Бумажный веер в руках Кэед трепетал.
— Трусиха.
— Кто?
— Ты.
Шину вздыхает.
Ей беспокойно, да и мне тоже. Мацухито, устроившись в углу, перебирает нефритовые бусины. Губы ее шевелятся, но и только. В остальном лицо похоже на маску — толстый слой жира и пудра, нанесенная поверх, склеились. И маска наверняка неудобна, но привычна тем, что защитит от посторонних взглядов.
Высоко забритый лоб.
Темные пятнышки бровей, нарисованные где-то на границе роста волос. И красные губы.

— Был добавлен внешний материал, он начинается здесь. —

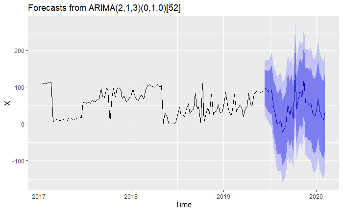 In essence, though this graph told us that we normally range between 0 and 100, the ARIMA (one of the most prominent and well-known forecasting models) created a prediction between -150 and 200.
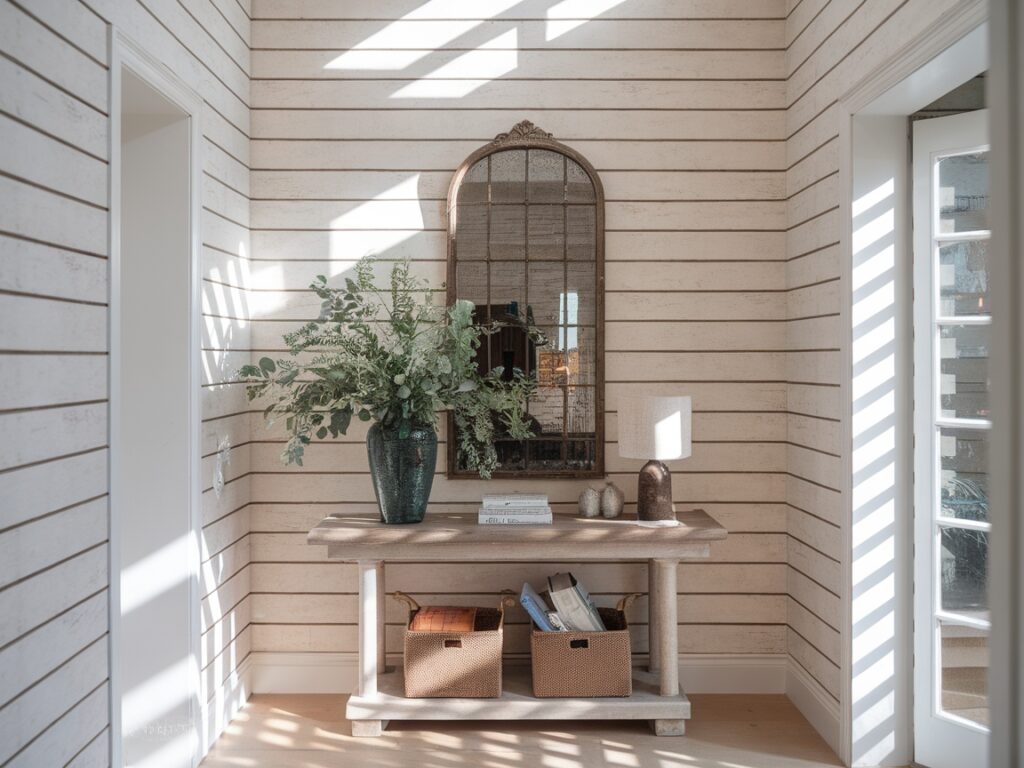 4: Entryway with Whitewashed Wood Shiplap Walls
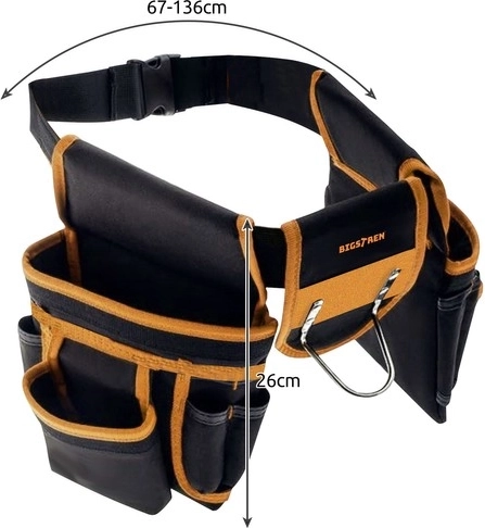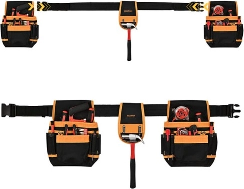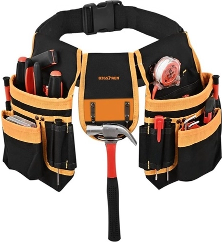 El cinturón de herramientas Bigstren está equipado con 22 bolsillos, incluidos dos bucles y un soporte para martillo, lo que permite guardar y transportar de forma segura diversas herramientas como destornilladores, llaves, alicates, cintas métricas e incluso herramientas eléctricas.
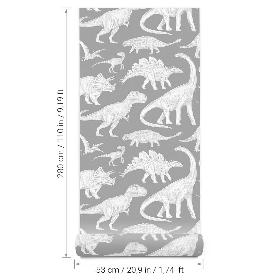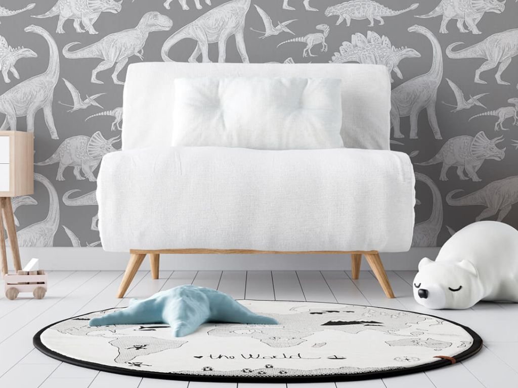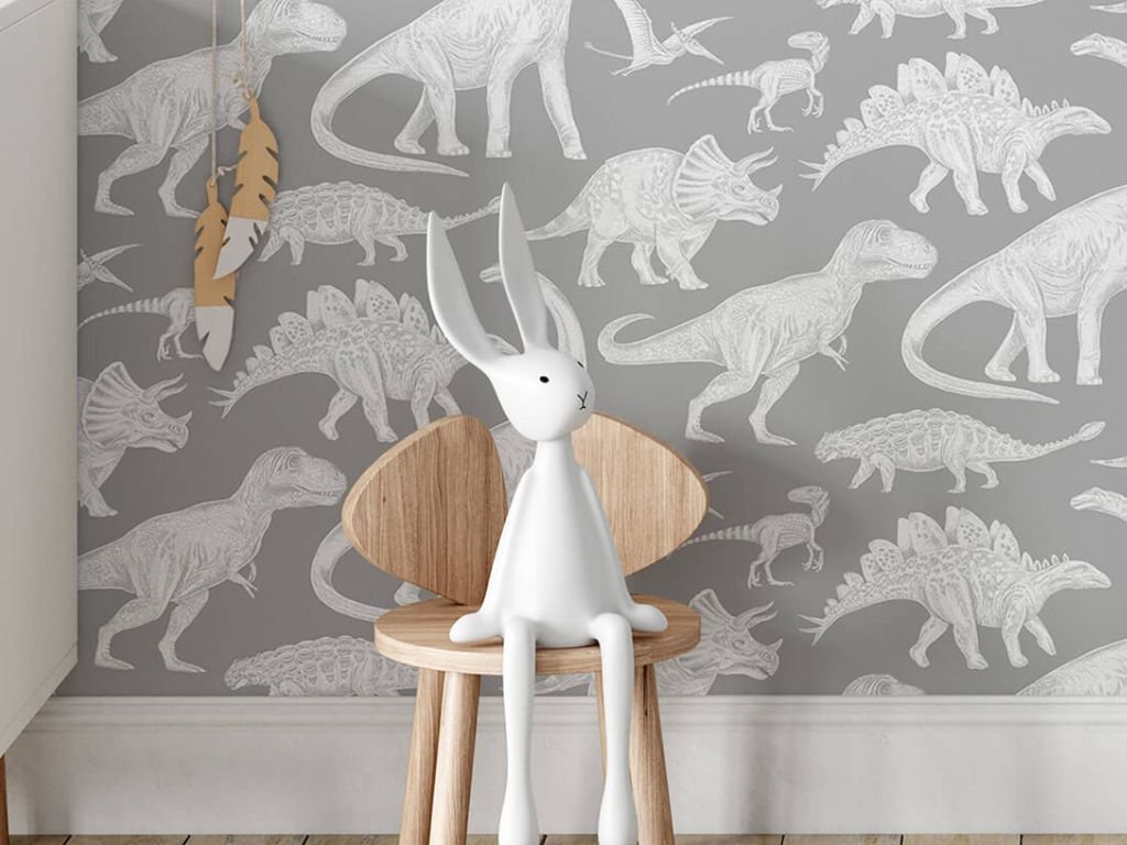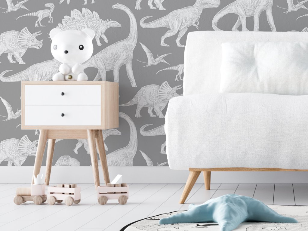 Omyvatelná dětská tapeta na zeď DINOSAUŘI šedá

Мне тоже надлежало бы привести себя в приличный вид, но я наотрез отказалась. Одно дело терпеть эту невыносимую красоту по большой нужде, и совсем другое — по собственной прихоти.
— Ты не понимаешь. — Кэед злится.
Она взмахивает своим веером, и темно-зеленый рукав кимоно сползает, обнажив тонкую худую руку, усыпанную рыжими пятнышками веснушек.
— Они все будут смотреть!
Вздыхает Юкико.
Ей хочется быть печальной, потому что она кожей ощущает общий настрой — не самый, к слову, веселый, — но предвкушение чуда мешает испытывать правильные, с ее точки зрения, эмоции. Ее лицо меняет одно выражение за другим.
Недоумение.
Притворная скорбь, которую Юкико рисует столь старательно, что даже мне становится смешно.
Неподдельная радость… как же, дома ее не выпускали на ярмарки: девушкам из благородных семей совершенно нечего делать на мероприятиях столь сомнительных.
Иоко тоже никогда не бывала.
Исправим.
— И пусть смотрят. — Араши садится рядом и протягивает руку. — Пусть видят, какая ты красавица… и вообще… смотреть будут на меня…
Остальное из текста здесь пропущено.